En los Andes —en países como Chile, Bolivia y Argentina— la extracción de litio, impulsada por la transición energética global, abre una nueva fase extractiva que tensiona territorios, comunidades y ecosistemas frágiles.

En buena parte de la comunidad andino-amazónica como son Colombia y Perú, la minería a gran escala y la explotación petrolera generan conflictos socioambientales persistentes, donde comunidades locales enfrentan a corporaciones transnacionales y a Estados que, muchas veces, actúan como intermediarios de la acumulación global.

Casos similares se observan en Ecuador y Venezuela. En la Amazonía ecuatoriana, comunidades como los Kichwa de Sarayaku, los pueblos Waorani del Yasuní y poblaciones de Sucumbíos y Orellana han enfrentado la expansión petrolera que vulnera sus territorios, su salud y sus derechos colectivos. En Venezuela, tanto las comunidades del Lago Maracaibo -afectadas por derrames petroleros- como los pueblos indígenas del Arco Minero del Orinoco evidencian los impactos sociales y ecológicos del extractivismo contemporáneo.
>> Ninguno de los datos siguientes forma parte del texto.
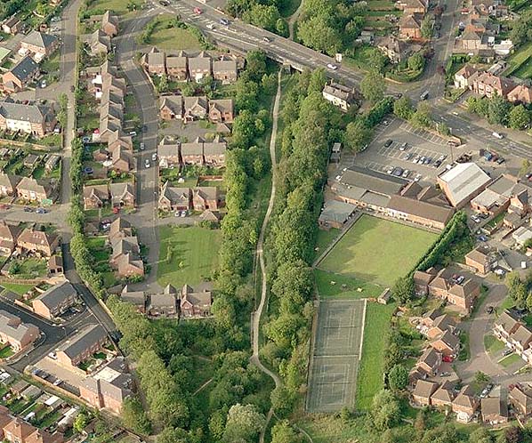 Recent aerial view of Rugby Central Station. The platform is clearly visible, the goods yard was to the left, thais has been replaced by new housing.

Centroamérica tampoco escapa a esta dinámica. En Honduras, Guatemala o El Salvador, la presión sobre los recursos naturales —agua, minería, monocultivos— ha generado resistencias comunitarias que, aunque frecuentemente invisibilizadas, constituyen expresiones de un conflicto más profundo: el choque entre la lógica de la vida y la lógica de la ganancia. En Nicaragua, comunidades campesinas e indígenas han cuestionado proyectos como el canal interoceánico por sus posibles impactos territoriales y ecológicos. En Costa Rica, pese a su imagen internacional de sostenibilidad, han surgido tensiones en torno a proyectos hidroeléctricos, monocultivos como la piña, la gestión del agua que afecta a comunidades locales, así como el conflicto minero por la explotación del Oro de Crucitas. En Panamá, pueblos indígenas han resistido iniciativas mineras e hidroeléctricas en sus territorios, denunciando afectaciones ambientales y falta de consulta sobre los proyectos. Incluso en Belice, la expansión de actividades extractivas y agroindustriales ha generado preocupaciones por la degradación de ecosistemas sensibles y el impacto sobre comunidades rurales.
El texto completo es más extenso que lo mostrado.